It's a disorienting fact that one of the most influential figures of British music in the past decade hasn't released a record since 1990. Lee Mavers, raving visonary pivot of The La's, set the template for so much Britpop when most of the scene's major faces were just getting their first bands together or, in one notable case, still working as a roadie.
In an early Oasis interview, Noel Gallagher famously vowed to finish the job that The La's started. That job? To capture the naive energy of rock'n'roll and the unifying spirit of singalong pop, just as The Beatles had. To harness raw adrenalin spurts, that wouldn't sound out of place in a stinking Hamburg club, and expansive psychedelic sentiments simultaneously. To sound like the '60s never ended.
Oasis succeeded in the task, but they never had the grace and strangeness of The La's, arguably the second most important Liverpool beat group of all time. The one album they actually ever released, 'The La's', now comes digitally remastered - with five b-sides as a bonus - in the wake of 'There She Goes' becoming nearly as inescapable an anthem as 'Wonderwall'.
The ironies are huge: Mavers spent years recording and re-recording this slim and exceptional set of songs to try and get them as rough-sounding as possible. At one point, memorably, he rejected an original '60s mixing desk because it didn't have original '60s dust on it. Considering he threw a decade-long strop at the audacity of his record company actually issuing 'The La's' in 1990, since he hated the sound of it, one suspects Mavers can't be entirely supportive of digital remastering. The inauthenticity and all that...

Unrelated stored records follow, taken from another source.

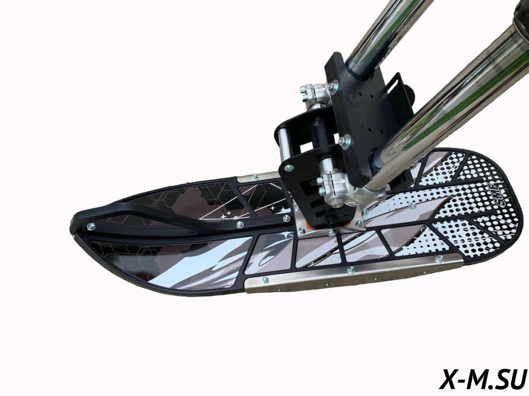 Тормоз интегрирован в лонжерон, полностью изолирован от внешней среды, отсутствует контакт со снегом. Дисковый, гидравлический, двухпоршневой суппорт. Тормозная гидравлическая магистраль 1600мм, армированный тефлон. В комплекте поставляется полностью прокачанная тормозная система с установленной тормозной машинкой.
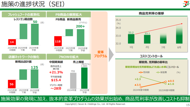7-Eleven International LLCは、各市場の特性に合わせた「食のコンビニ」への転換を進めている。中間連結会計期間の営業利益(のれん償却前)は104億2400万円(112.3%増)。なお、2024年度に子会社となった7-Eleven Australia(オーストラリア)においては、タバコ販売規制強化による売上げへの影響が出たが、フレッシュフードの商品開発強化と品揃えの拡大により客数が増加し既存店売上げは前年を上回った。
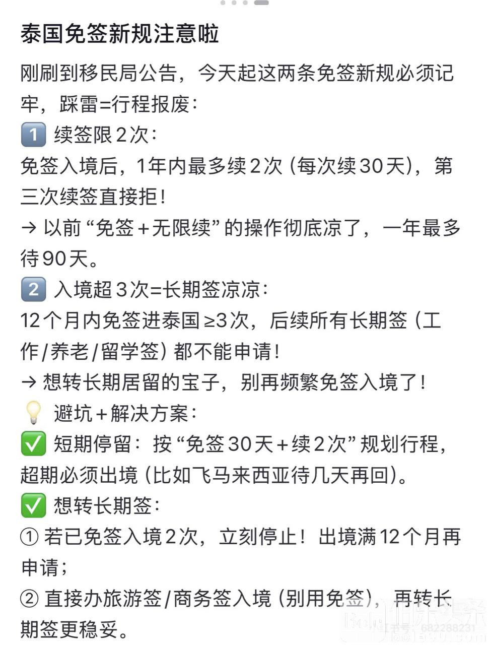这一新规适用于所有符合免签条件的外国游客,泰国移民局提醒计划长期或频繁访问泰国的游客务必提前了解规定,避免影响签证申请或被拒入境。
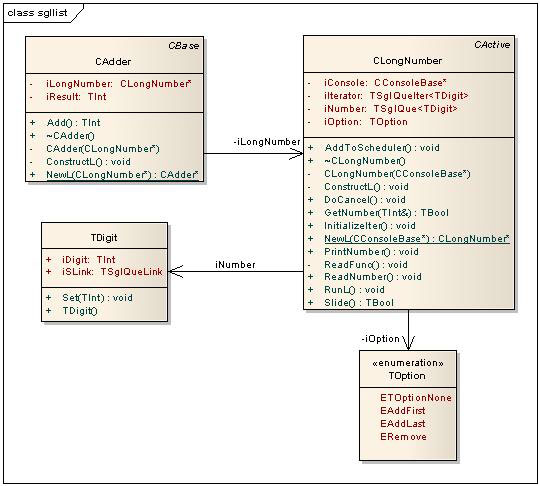 The example creates a singly linked list of objects of the TDigit class. This list represents a long number. An object
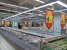 The Dyson Air Multiplier fans, and the Imperial C2000 series range hood fans, have no exposed fan blades or other visibly moving parts except their oscillating and tilting head. The airflow is generated using the Coandă effect; a small quantity of air from a high-pressure-bladed impeller fan, contained in the base rather than exposed, drives a large airmass via a low-pressure area created by the airfoil.[17][18][19] The US Patent & Trademark Office initially ruled that Dyson's patent was not an improvement on the Toshiba patent on a nearly identical bladeless desktop fan granted in 1981.[17] Air curtains and air doors also utilize this effect to help retain warm or cool air within an otherwise exposed area that lacks a cover or door. Air curtains are commonly used on open-face dairy, freezer, and vegetable displays to help retain chilled air within the cabinet using a laminar airflow circulated across the display opening. The airflow is typically generated by a mechanical fan of any type described in this article hidden in the base of the display cabinet.
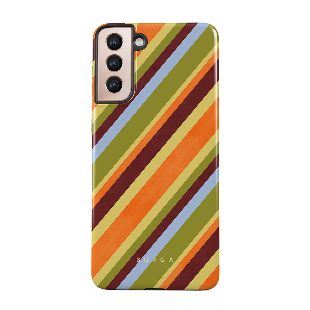 The kind of stripes you’d find on a beach towel left out since noon. Citrus meets spice meets “where’s my other sandal?” The Copacabana Samsung Galaxy S21 Plus phone case design: it’s carefree with a side of extra.

Never mind its creator's whims, though. 'The La's' still sounds terrific, a clarion call to skinny boys with guitars whose influence was incalculably greater than its sales. The measured chimes of 'There She Goes' you'll know of course, its elusive perfection untainted even by the memory of Robbie Williams and Sixpence None The Richer butchering it. 'Timeless Melody' is possibly even better, though, with Mavers' voice soaring and inspiring over a tangle of strum and friction. There's plentiful cosmic wisdom here: "On the street for knowledge/ You must eat your porridge," he counsels on 'IOU'. But only the dope-raddled 'Freedom Song', live and direct from Trenchtown-On-Mersey, has aged badly.
After all, these were songs out of time in 1990, written too late for one beat boom and too early for another. When he could've become a superstar, Mavers disappeared back home amidst dark rumours of drug dependency and incipient madness, chasing a perfect sound intangible to everyone but himself. In the meantime, others milked his legacy dry, not least John Power, right-hand man in The La's, who went on to make a mockery of the formula with Cast.
Whether Mavers gives a damn any more is hard to fathom. Let's hope, at least, that the enduring excellence of these few songs earn him the credit he's due: legends have, many times, been made from much less.